20th Year Anniversary of the Anti-Violence against Women and Their Children Act

For the past two decades, women have taken recourse in Republic Act No. 9262, also known as the Anti-Violence Against Women and their Children Act, in safeguarding their rights against abuses from intimate partners. This landmark legislation was signed into law on March 8, 2004, by former President Gloria Macapagal-Arroyo following the harmonization of two bills on domestic violence and abuse against women in intimate partner relationships. Its enactment is a product of almost a decade of relentless advocacy and lobbying by women advocates, policymakers, other stakeholders, and the women victim-survivors themselves.

The Anti-VAWC Act is the only legislation in place that provides a framework for the prosecution of abuses committed against women by their intimate partners. The provisions of the Act are sound and liberally construed in favor of women, yet it is important to ensure that it is also able to adapt to emerging trends and forms of violence.

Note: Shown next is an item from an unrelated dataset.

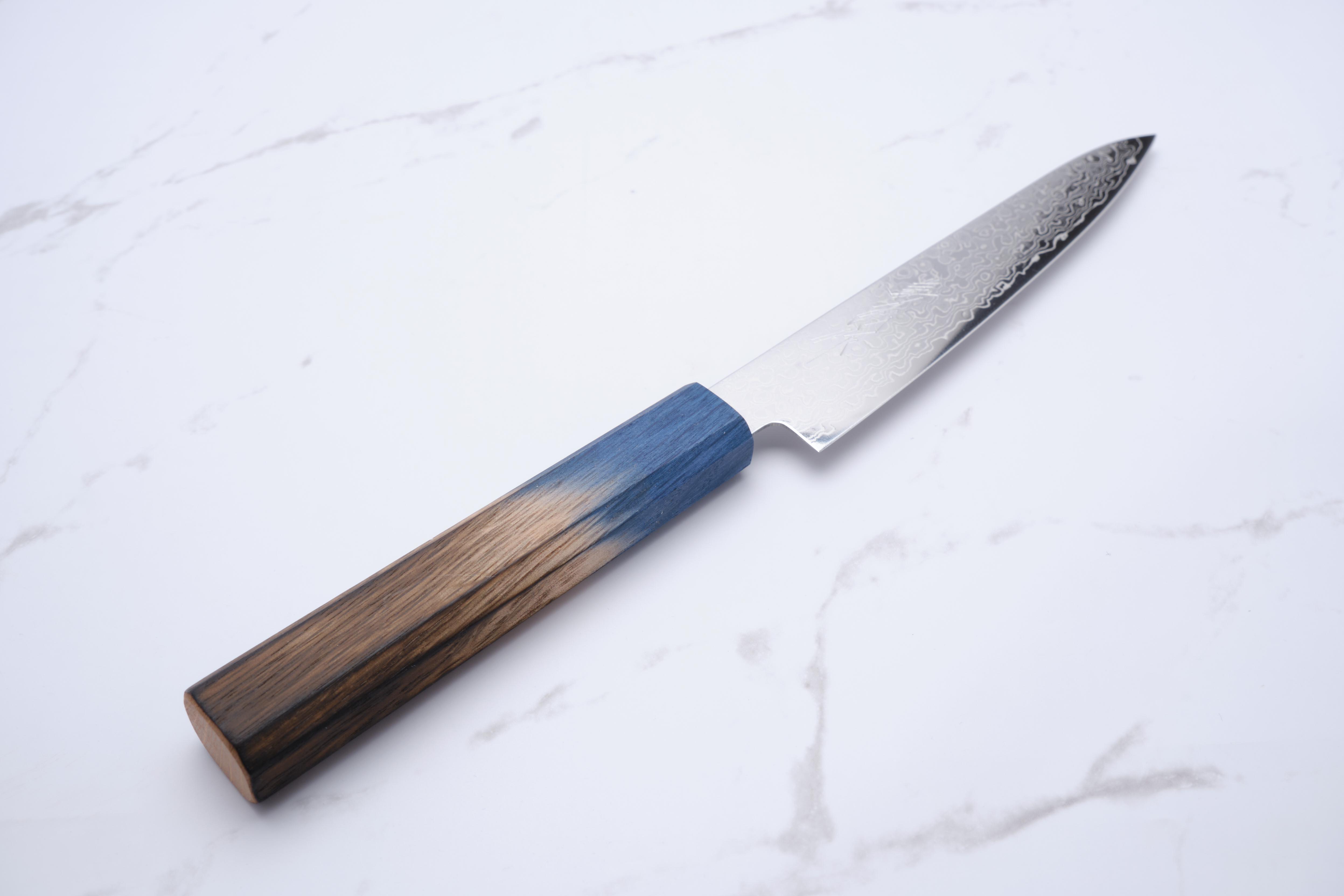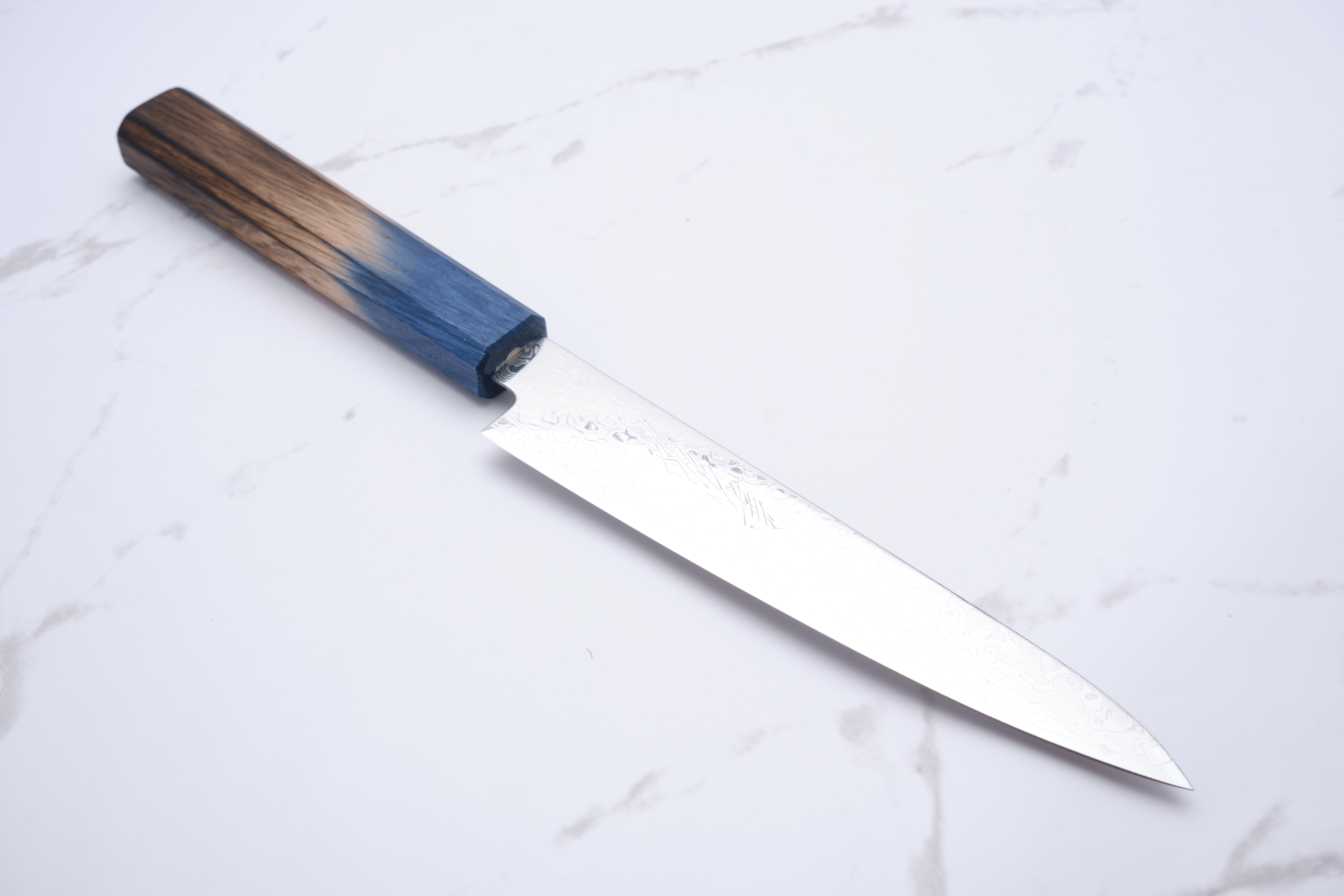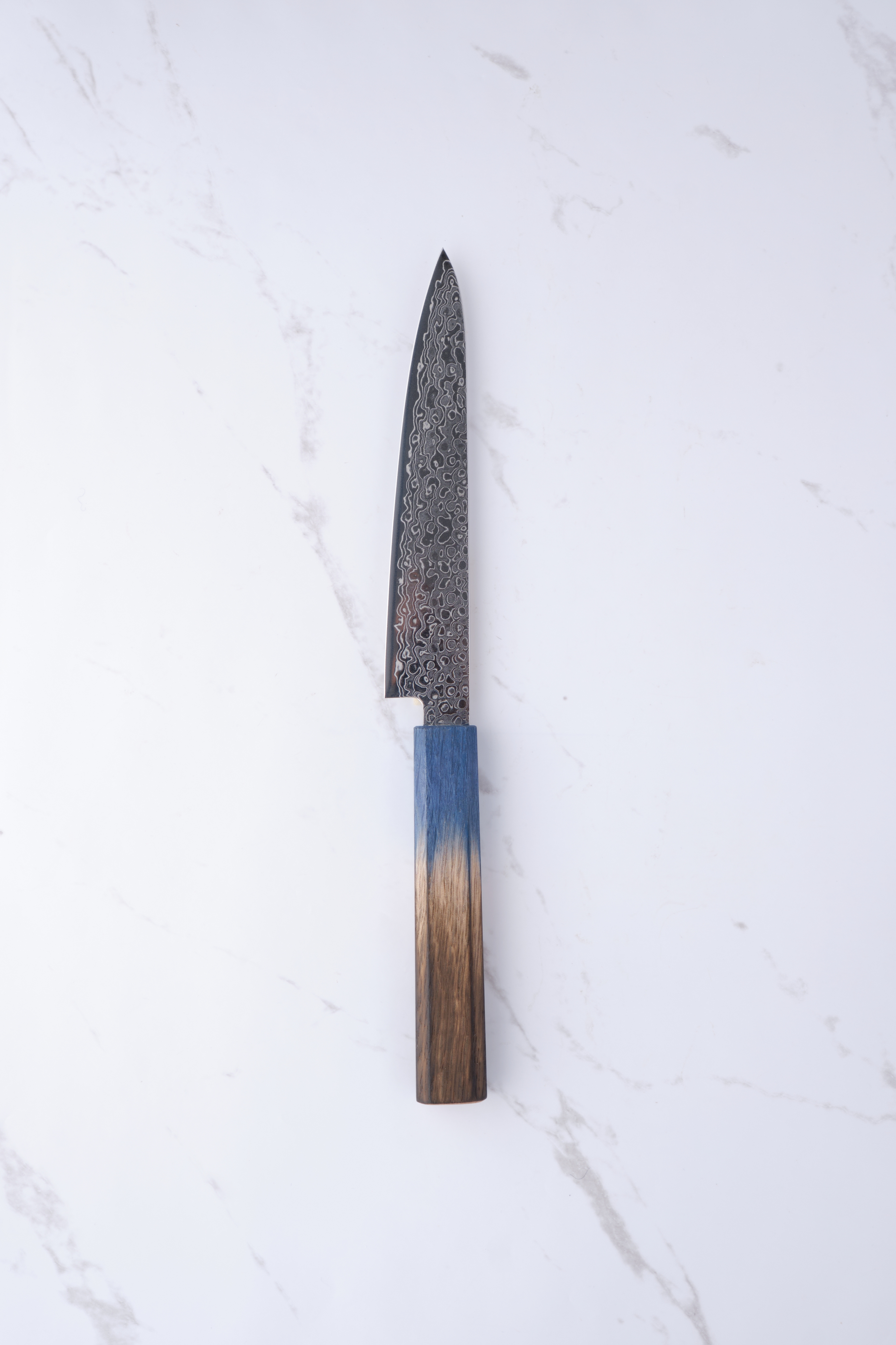 Das Messer besteht aus einem Kern aus ZA-18-Stahl, der für seine Rostbeständigkeit und hohe Härte bekannt ist und für langanhaltende Schärfe und Haltbarkeit sorgt. Die schöne Damastbeschichtung verleiht dem Messer nicht nur einen ästhetischen Mehrwert, sondern verbessert auch die Festigkeit und Schneidfähigkeit. Der Griff besteht aus gebrannter Eiche in elegantem Blau und liegt stilvoll und bequem in der Hand.

Twenty years in, it is crucial to reflect on whether the law is still responsive to the needs of victim-survivors and the realities of service delivery vis-a-vis the present socio-economic landscape.

Despite its inherent limitations, the Anti-VAWC Act has been instrumental in making remarkable progress in addressing violence against women in the country. Mechanisms for implementation have been set in place, such as the creation of the Inter-Agency Council on Violence Against Women and their Children (IACVAWC), Committees Against Trafficking and VAWC at the subnational and local level, the establishment of Barangay VAW Desks, Women and Children Protection Desks in police stations, Women and Children Protection Units in DOH-retained hospitals, shelters for women victim-survivors, and other related service institutions.

Primary prevention programs have also been implemented for many years, including anti-VAWC advocacy through the observance of the 18-Day Campaign to End VAW. This includes a response system covering multi-disciplinary teams (MDTs) that address the protective, medical, psychosocial, and legal needs of victims. There are also hotlines where women victim-survivors could reach out for immediate assistance such as the Aleng Pulis Hotline managed by the Women and Children Protection Center of the Philippine National Police and the 911 Hotline operated by the National Emergency 911 Commission. Likewise, standards and protocols for improving service delivery have also been put in place. These efforts contributed to increasing the help-seeking behavior of women victims as supported by the results of the 2022 National Demographic and Health Survey (NDHS).

Currently, the IACVAWC together with the Philippine Commission on Women (PCW), is spearheading an assessment of the implementation of R.A. 9262. It examines the impact or extent by which the law has addressed violence against women after its enactment in 2004. The assessment also covers the review of efforts and interventions of duty bearers at the national, subnational, and local levels to draw highlights of accomplishments, good practices, challenges, and lessons learned in implementation. Findings will not only serve as policy inputs to the proposed amendments to the law, but will also inform the development of the National Action Plan to End VAW (NAP-EVAW), especially for the development of stronger measures for prevention, response, monitoring, and evaluation.

The 20th anniversary of the Anti-VAWC Act is not only a milestone for all the progress that has been made but is also a reminder that the work is not yet done. There are still gaps and challenges that must be addressed at the policy and program levels. The IACVAWC calls on all government partners, the private sector, and the general public to work together to ensure that the rights of women against intimate partner violence are emphasized and protected.

Together, let us stand united for a #VAWfreePH.